The record here shows that the defendant acknowledged that he understood his rights, the consequences of entering a plea of guilty, that he was satisfied with trial counsel, that he understood the charges against him, and that he admitted he committed the crime. The trial court advised the defendant of the possible penalty and the maximum and minimum sentences for the offense charged. The record shows that the trial court completely fulfilled its obligation to advise the defendant pursuant to Ind. Code § 35-4.1-1-8 (Burns Repl.1979) (now repealed). During the guilty plea hearing, the defendant discussed his rights with the trial court in detail. Defendant indicated he understood he was receiving a possible twenty year sentence and told the trial court he had had ample time to discuss the plea with his attorney and understood all of the implications in accepting the plea bargain. Just before the hearing concluded, the trial court asked the defendant: "Is there anything about this plea agreement, this arrangement, this understanding that I don't know about that you want to make plain to me?" The defendant answered: "No sir, not anything." i

Defendant was facing a murder charge with a possible sentence of thirty to sixty years. The record shows he bargained for and received a twenty year sentence. He pleaded guilty after being advised by the trial court of all of his rights and the implication of entering such a plea.. The trial court was accordingly justified in finding that the defendant, in his petition for post-conviction relief, did not carry his burden of showing that his guilty plea was not entered knowingly, voluntarily, and intelligently. We have only the defendant's uncorroborated statement that his trial counsel did not discuss self-defense with him or properly prepare for such defense. We have only the statement of the defendant and his mother that his lawyer informed him he would probably serve only three or four years. This does not amount to a showing of ineffective representation in view of the total record as outlined above.
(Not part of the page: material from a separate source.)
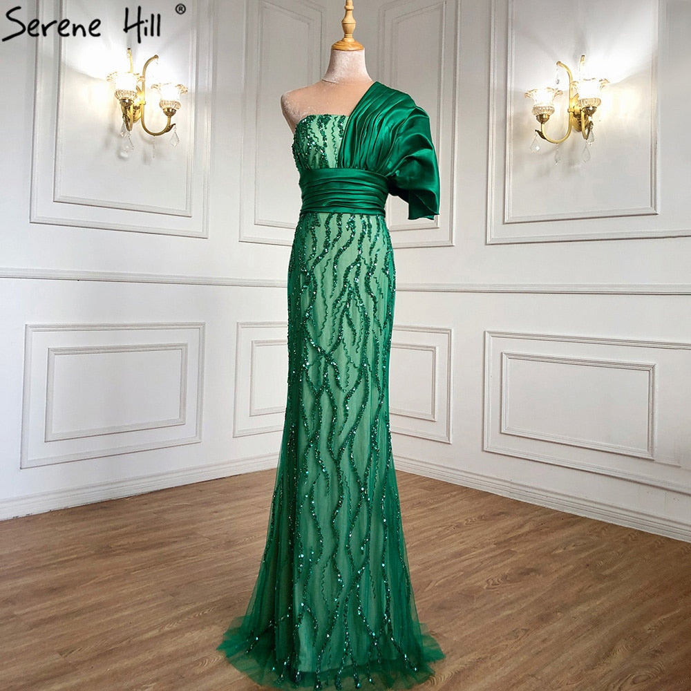 Green Mermaid With Train Evening Dresses Gowns 2025 Luxury Beading Elegant For Women Party LA71108

In addition, the State's position is well-taken that the speculation concerning the amount of time the defendant might actually serve offers many possibilities With applicable good time statutes, the defendant could have served as little as fifteen years or as many as thirty years had he been tried and found guilty of murder. The State points out, however, there is always the possibility that the defendant would end up serving the entire sentence pronounced. After accepting the plea of guilty to voluntary manslaughter, the trial court was not bound by the twenty year recommendation. It could have reduced the sentence to six years. Considering good time statutes, the defendant could have served from three to ten years. There is no showing that he was necessarily misinformed. If trial counsel had discussed all of these possibilities with the defendant, they would have been accurate. Furthermore, we again have only testimony from the defendant and his mother that the attorney made such assurances and this is not supported by the defendant's conduct in discussing the sentencing issue with the trial court. Defendant indicated he fully understood he would receive a twenty year sentence and did not indicate he had had any question about it or that any assurances were made to him concerning the length of sentence. Defendant made no objection when he received the twenty year sentence and presents no facts that mandate this Court to find the trial court erred in denying his petition for post-conviction relief.

The judgment of the trial court is affirmed.

GIVAN, C.J., and DeBRULER, HUNTER and PRENTICE, JJ., concur.